## BRIEF
All of the data goes into your copy exactly as written. Images do not.

━━━━━ SUPPLIED DATA

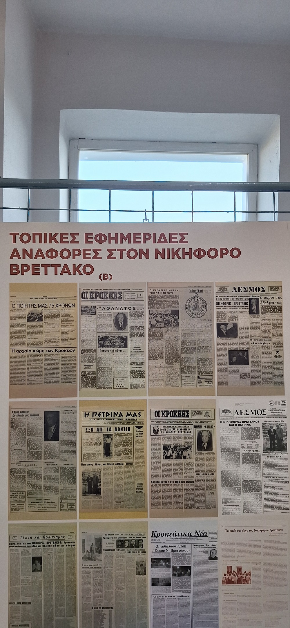 Μέσα από ένα πλούσιο αρχειακό υλικό, φωτογραφίες, χειρόγραφα και προσωπικά αντικείμενα του ποιητή, που περιλαμβάνονται στην έκθεση, αναδεικνύεται η βαθιά ανθρωπιστική, φιλοσοφική και κοινωνική διάσταση του έργου του Νικηφόρου Βρεττάκου, ο οποίος υπήρξε υπέρμαχος της ειρήνης, της αξιοπρέπειας και του σεβασμού προς τον άνθρωπο.
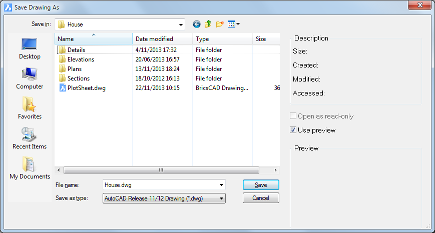 Wählt das Laufwerk und den Ordner aus, in welchem die Zeichnung gespeichert werden soll. Klicken Sie auf die Auswahlliste, um zusätzliche Speicherorte zu wählen. |
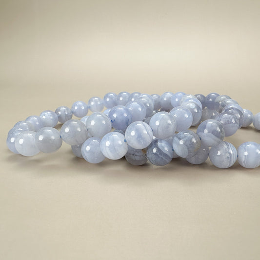 Blue Lace Agate 11mm Smooth Round Bead Stretchy Bracelet - 1 pc. (J214)

━━━━━━━━━━

## WRITTEN RESPONSE
 Μέσα από ένα πλούσιο αρχειακό υλικό, φωτογραφίες, χειρόγραφα και προσωπικά αντικείμενα του ποιητή, που περιλαμβάνονται στην έκθεση, αναδεικνύεται η βαθιά ανθρωπιστική, φιλοσοφική και κοινωνική διάσταση του έργου του Νικηφόρου Βρεττάκου, ο οποίος υπήρξε υπέρμαχος της ειρήνης, της αξιοπρέπειας και του σεβασμού προς τον άνθρωπο.
 Wählt das Laufwerk und den Ordner aus, in welchem die Zeichnung gespeichert werden soll. Klicken Sie auf die Auswahlliste, um zusätzliche Speicherorte zu wählen. |
 Blue Lace Agate 11mm Smooth Round Bead Stretchy Bracelet - 1 pc. (J214)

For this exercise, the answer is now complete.